United States v. Lemon, 550 F.2d 467 (9th Cir., 1977), citing De Kaplany v. Enomoto, 540 F.2d at 987. Under none of these standards was petitioner deprived of effective assistance of counsel.

It is important to note, however, that during various stages of the proceedings leading up to his conviction, petitioner was represented by different attorneys from the public defender’s office. This type of horizontal representation may at times be an inevitable result of workload and budget constraints imposed on a public defender’s office. But unless each attorney scrupulously acts to insure that all who participate in the case are informed of every aspect of that attorney’s representation, there is some danger that the defendant may be deprived of effective legal assistance. It is good practice for each attorney who participates in a case to record all material information that he has received pertaining to the case, including relevant evidence that has come to his attention, legal arguments or defenses that he has considered — even those he has rejected — , and reasons behind any tactical decision he has made in the course of the proceedings. In this case there is sufficient evidence in the record indicating that the procedures of the public defender’s office were not so defective as to deprive petitioner either of due process or of his sixth amendment right to effective assistance of counsel.

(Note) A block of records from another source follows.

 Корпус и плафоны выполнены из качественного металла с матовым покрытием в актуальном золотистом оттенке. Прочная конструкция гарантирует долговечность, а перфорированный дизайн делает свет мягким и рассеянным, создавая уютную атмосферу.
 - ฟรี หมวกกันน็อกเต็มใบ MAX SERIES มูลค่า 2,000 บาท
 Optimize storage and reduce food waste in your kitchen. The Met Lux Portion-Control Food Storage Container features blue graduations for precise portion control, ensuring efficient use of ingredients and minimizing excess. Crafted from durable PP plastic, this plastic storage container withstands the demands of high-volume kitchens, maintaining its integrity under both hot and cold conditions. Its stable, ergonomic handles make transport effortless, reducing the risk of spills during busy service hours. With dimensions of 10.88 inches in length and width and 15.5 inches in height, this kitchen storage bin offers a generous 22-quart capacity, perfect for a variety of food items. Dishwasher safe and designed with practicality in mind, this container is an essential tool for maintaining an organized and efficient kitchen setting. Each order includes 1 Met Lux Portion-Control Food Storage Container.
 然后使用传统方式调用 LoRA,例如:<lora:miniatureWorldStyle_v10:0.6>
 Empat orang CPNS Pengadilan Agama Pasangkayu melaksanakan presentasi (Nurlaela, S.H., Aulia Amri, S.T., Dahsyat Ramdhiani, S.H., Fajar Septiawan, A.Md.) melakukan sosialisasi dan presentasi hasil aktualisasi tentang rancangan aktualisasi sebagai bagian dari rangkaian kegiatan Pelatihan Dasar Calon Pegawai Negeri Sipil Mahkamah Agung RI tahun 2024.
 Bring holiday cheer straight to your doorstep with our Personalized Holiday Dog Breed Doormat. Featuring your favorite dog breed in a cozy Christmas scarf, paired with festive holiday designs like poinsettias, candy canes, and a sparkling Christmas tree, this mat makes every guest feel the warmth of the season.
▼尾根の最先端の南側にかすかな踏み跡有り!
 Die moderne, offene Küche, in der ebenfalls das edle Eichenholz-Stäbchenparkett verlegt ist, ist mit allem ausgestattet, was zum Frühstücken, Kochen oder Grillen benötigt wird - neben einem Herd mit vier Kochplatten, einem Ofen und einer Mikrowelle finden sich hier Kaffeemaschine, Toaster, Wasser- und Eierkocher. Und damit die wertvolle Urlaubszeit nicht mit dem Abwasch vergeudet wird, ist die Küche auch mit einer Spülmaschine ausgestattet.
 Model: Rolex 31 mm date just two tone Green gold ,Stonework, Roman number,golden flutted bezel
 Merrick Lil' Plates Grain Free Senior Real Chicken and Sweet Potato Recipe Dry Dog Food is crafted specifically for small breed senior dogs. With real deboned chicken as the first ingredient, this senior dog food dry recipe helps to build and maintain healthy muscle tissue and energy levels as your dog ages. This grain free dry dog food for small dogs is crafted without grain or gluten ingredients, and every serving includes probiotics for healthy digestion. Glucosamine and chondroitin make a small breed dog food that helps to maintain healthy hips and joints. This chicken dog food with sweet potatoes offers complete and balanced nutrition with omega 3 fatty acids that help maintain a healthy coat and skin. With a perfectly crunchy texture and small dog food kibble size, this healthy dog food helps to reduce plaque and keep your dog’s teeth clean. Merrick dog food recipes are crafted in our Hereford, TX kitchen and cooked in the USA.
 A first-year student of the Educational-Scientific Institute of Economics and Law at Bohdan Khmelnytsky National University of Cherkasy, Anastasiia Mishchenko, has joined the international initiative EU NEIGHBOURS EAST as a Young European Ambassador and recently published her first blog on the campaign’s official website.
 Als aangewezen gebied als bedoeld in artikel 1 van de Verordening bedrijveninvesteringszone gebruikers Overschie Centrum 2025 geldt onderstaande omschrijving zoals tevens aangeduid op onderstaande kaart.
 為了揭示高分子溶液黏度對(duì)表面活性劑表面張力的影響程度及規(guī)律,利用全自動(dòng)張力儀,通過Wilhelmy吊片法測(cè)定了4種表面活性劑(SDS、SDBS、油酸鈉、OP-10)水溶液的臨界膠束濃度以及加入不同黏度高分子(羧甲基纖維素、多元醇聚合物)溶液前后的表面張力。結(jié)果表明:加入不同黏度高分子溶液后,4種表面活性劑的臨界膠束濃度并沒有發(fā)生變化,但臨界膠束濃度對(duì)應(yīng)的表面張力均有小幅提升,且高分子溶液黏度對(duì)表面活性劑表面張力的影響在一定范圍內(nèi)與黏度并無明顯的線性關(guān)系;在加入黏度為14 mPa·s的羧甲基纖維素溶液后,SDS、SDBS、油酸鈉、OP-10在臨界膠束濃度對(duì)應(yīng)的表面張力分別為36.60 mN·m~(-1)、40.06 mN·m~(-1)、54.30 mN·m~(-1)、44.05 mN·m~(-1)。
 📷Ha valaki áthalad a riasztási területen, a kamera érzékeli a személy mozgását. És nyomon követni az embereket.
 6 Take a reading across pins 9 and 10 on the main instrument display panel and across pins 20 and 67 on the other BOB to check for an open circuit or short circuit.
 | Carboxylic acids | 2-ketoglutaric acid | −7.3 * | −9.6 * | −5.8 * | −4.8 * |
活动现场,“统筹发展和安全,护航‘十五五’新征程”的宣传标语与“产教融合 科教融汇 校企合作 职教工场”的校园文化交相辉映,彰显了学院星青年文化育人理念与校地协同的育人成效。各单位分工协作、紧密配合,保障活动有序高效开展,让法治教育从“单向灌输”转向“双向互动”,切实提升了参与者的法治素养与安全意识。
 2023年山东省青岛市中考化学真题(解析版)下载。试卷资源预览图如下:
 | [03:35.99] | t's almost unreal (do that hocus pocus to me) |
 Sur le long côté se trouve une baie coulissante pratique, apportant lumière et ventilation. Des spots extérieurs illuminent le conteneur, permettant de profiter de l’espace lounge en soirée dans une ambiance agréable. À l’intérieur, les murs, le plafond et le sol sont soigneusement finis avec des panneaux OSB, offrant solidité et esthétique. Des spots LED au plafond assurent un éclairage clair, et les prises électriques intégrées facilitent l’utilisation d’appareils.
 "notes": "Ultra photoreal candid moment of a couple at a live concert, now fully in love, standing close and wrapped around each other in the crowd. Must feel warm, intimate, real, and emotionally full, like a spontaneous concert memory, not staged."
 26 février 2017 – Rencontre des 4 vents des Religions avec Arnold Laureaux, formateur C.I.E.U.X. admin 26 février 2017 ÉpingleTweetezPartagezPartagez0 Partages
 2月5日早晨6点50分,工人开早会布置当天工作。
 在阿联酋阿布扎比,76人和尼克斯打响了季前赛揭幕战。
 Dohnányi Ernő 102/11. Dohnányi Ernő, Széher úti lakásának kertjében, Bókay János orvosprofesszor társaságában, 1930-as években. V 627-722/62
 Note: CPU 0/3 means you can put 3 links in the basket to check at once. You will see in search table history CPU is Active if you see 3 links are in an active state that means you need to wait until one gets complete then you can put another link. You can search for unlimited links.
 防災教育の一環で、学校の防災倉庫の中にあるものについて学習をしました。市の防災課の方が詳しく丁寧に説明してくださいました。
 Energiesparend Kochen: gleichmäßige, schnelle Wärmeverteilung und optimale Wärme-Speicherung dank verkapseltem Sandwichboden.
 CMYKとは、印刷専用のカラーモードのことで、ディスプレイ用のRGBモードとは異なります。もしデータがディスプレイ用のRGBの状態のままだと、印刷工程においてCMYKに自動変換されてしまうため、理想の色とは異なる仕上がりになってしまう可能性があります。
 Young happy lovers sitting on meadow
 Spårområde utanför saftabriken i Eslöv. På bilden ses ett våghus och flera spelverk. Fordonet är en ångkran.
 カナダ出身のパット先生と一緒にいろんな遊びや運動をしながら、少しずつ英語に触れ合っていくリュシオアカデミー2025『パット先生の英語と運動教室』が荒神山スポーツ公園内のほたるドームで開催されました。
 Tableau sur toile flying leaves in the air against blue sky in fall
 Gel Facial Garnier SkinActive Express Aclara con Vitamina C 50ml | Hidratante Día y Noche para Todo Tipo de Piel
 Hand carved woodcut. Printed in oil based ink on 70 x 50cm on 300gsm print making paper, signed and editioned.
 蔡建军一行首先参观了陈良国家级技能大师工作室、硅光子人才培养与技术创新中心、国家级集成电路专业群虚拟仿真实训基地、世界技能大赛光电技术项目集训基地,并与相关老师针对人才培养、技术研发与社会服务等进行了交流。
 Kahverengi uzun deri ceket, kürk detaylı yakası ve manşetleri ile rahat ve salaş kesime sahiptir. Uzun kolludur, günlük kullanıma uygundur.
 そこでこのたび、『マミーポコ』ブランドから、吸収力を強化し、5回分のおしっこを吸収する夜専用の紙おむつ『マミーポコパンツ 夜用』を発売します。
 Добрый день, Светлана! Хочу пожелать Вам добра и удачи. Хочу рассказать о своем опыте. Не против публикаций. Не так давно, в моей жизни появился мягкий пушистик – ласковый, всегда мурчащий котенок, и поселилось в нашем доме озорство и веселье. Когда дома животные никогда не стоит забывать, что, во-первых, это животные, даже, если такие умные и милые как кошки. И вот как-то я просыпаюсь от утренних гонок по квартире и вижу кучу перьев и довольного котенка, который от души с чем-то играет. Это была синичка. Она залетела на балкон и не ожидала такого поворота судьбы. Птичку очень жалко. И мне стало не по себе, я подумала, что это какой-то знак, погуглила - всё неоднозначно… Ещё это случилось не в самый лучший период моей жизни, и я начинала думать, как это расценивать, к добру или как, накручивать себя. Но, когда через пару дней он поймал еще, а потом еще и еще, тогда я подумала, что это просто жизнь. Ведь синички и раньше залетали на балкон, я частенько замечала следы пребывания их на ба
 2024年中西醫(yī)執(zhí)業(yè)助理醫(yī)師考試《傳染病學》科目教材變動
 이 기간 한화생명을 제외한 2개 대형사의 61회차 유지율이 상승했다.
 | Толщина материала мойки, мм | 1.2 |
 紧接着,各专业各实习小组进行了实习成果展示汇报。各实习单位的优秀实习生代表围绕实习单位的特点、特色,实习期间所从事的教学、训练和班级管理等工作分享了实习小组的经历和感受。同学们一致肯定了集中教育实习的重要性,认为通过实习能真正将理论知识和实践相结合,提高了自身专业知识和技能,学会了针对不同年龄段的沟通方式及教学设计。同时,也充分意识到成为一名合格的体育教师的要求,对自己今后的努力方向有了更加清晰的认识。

Petitioner finally alleges that a pretrial identification by one of the victims was impermissible. The claim is without substance. The victims identified petitioner at the scene of the crime before the police even arrived. The court correctly ruled that these precustodial encounters did not provide grounds for a challenge to the identification procedures used in petitioner’s case. Cf. Kirby v. Illinois, 406 U.S. 682, 92 S.Ct. 1877, 32 L.Ed.2d 411 (1972). Even if there were some truth to petitioner’s allegations — to which the district court apparently gave no credence — that a later show-up took place in an emergency hospital, that confrontation would not have been one which would have created a substantial likelihood of irreparable misidentification. See Neil v. Biggers, 409 U.S. 188, 198, 93 S.Ct. 375, 34 L.Ed.2d 401 (1972). Petitioner had already been identified by his victims at the scene of the arrest, within moments of the assault.

AFFIRMED. 
      
      . The case is thus different from Moore v. United States, 464 F.2d 663 (9th Cir. 1973), where the petitioner had never been granted an evidentiary hearing as to competency to stand trial.
     
      
      . The evidentiary hearing in the district court was conducted more than three years after the proceedings in the state court.